I see my breath this morning, the first real sign of the
change of season two or three weeks expired.
Dr. Mollenkott once said I would change my mind about loving
autumn when I reached her age and came to realize just what it signified in our
lives.
She was wrong. I still love fall in a way I can never love
spring, even though I crave the coming of warmth after so long living with the
deep freeze, just as I craved it that winter in 1977 when I felt lost and
depressed, and wandered out into the last winter storm and saw the rain
freezing on the tips of branches, and saw the first subtle signs of a budding
new season.
Fall always means change to me, always suggests that what we
live with now won’t last, good or bad, part of that All Things Must Pass,
George Harrison sang about so long ago, a slow steady change from intense heat,
usually coming with a week or so of desperately needed rain, washing away the
dust from our lives, before carrying us off into the chill.
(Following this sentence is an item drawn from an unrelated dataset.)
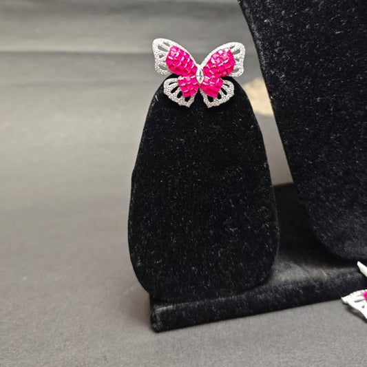 Pink Flutter Silver Butterfly Pendant Set
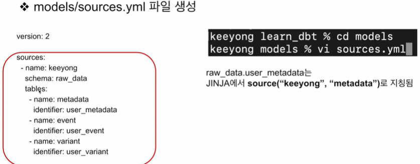 - 외부 데이터 소스를 참조하여 원본 데이터를 변형하거나 모델링할 때 사용하는 구조체로, dbt 프로젝트 내에서 원본 데이터의 메타데이터를 관리하고 추적할 수 있게 한다.

I see my breath in the air and realize I am still alive, and
kicking, and ready to face the next winter of my life, even if as with so many
of my family members at my age, it could be my last.
Someone stopped me on the train a few days ago, noticing me
when I was scribbling in my notebooks, asking me if I was a writer, and what it
is I write about, and how I was transcribing old type written pages, and I
could only answer that I was preserving people’s lives, the description I gave
far too inadequate to describe the almost religious experience.
“This is what I do,” I said, not expecting this woman or
anybody else to fully understand that desperate need to keep alive memories,
some of which aren’t even my own, clinging to the edge of autumn for as long as
possible before giving up and accepting what is inevitable.